Listen, I don't know why things happen as they do. I know I'll never be able to figure that one out. But I do know a few things: One: Things aren't always going to go the way we want them to. Two: My situation is never going to be as bad as someone else's. Three: Complaining helps nothing. Four: In life, we may have to contend with "bad" situations from time to time, but good eventually follows.

To make a donation to Nashville flood relief efforts, go to Hands On Nashville at

Wednesday, May 12, 2010

Just Breathe

I'm not talking about Faith Hill, here. I'm actually talking about taking a breath -- literally.

The other day, my eye started twitching like I had some kind of disorder and I felt like Big Mike from American Idol was sitting on my chest. I was freaking about all of the things I had to do. It was not a pretty picture. I remembered back to something I had read about enjoying the journey instead of focusing only on reaching the destination. And I remembered what my reaction at the time had been: I was like, "Dude, are you joking? I don't have time to stop and smell the roses; I've got things to do here. I'll wait until I'm 85 to slow down and check out the scenery." If you're a driven, ambitious, goal-oriented person, "enjoying the journey" can often get lost in the shuffle. Yet, I'm learning that finding a way to do it is a necessity.

I feel like every day of my life is a juggling act, and I'm on a tightrope doing the juggling. Between writing new material, practicing, and recording stuff at the studio; promoting my stuff (not to mention that of my clients); managing my freelance writing responsibilities and my job as creative director; building this new media company that I started with my two colleagues; and taking care of family stuff and daily responsibilities, I usually find it hard to breathe, much less enjoy. Every morning when I get up -- practically as a zombie because I've most likely gotten no more than five hours of sleep -- I look at my to do list and it's all over. My heart starts racing like Barbaro and my focus immediately shifts to, "How in God's name am I going to get all of this done?" Then, I get so consumed with chipping away at the to do list that I forget all about enjoying anything. All I'm thinking about is getting to the finish line -- no stopping at the scenic overlooks along the way. Just "go, go, go!"

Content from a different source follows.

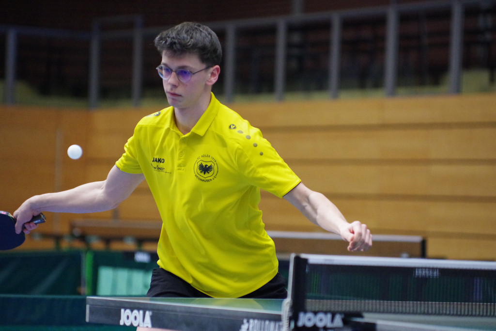 Obwohl das Heimteam bereits zu vier Siegen und zwei Unentschieden kam und noch den zweiten Rang belegt, wurde sie von den „Adlern“ abgefertigt. Erst als die Gäste schon mit 4:0 in Front lagen, kam Schwürbitz zum ersten Punkt. Doch prompt machten Noah Leffer und Christian Leffer mit den Zählern fünf und sechs den Auswärtserfolg perfekt. Den zweiten und zugleich letzten Punkt für die Einheimischen fuhr Tobias Schneider nach vier knappen Satzresultaten (11:9, 12:10, 9:11, 11:9) gegen Manuel Bojer ein. In der Schlussphase stellten Noah Leffer und Andre Fischer, der erstmals für den fehlenden Simon Grönert zum Einsatz kam, den Kantersieg her.

But the truth is, tomorrow is going to be just like today -- if I let be. There's going to be a to do list no matter what. And even when I accomplish a few of the items on the list, there will be 10 more where those came from. So . . . in the midst of making contact with this industry person, sending an email blast to that list, describing what I ate for breakfast on Twitter, and promoting my latest "big deal" moments on Facebook, I'm making an oath to myself to add one more thing to my list: Taking a breath -- and taking a look at what I have already accomplished, instead of focusing on all I still have to do.

OK, what am I doing spending all of this time on this blog? I've got a million and one things to do today. Outta my way, people.
Ooops....What can I say? Old habits die hard.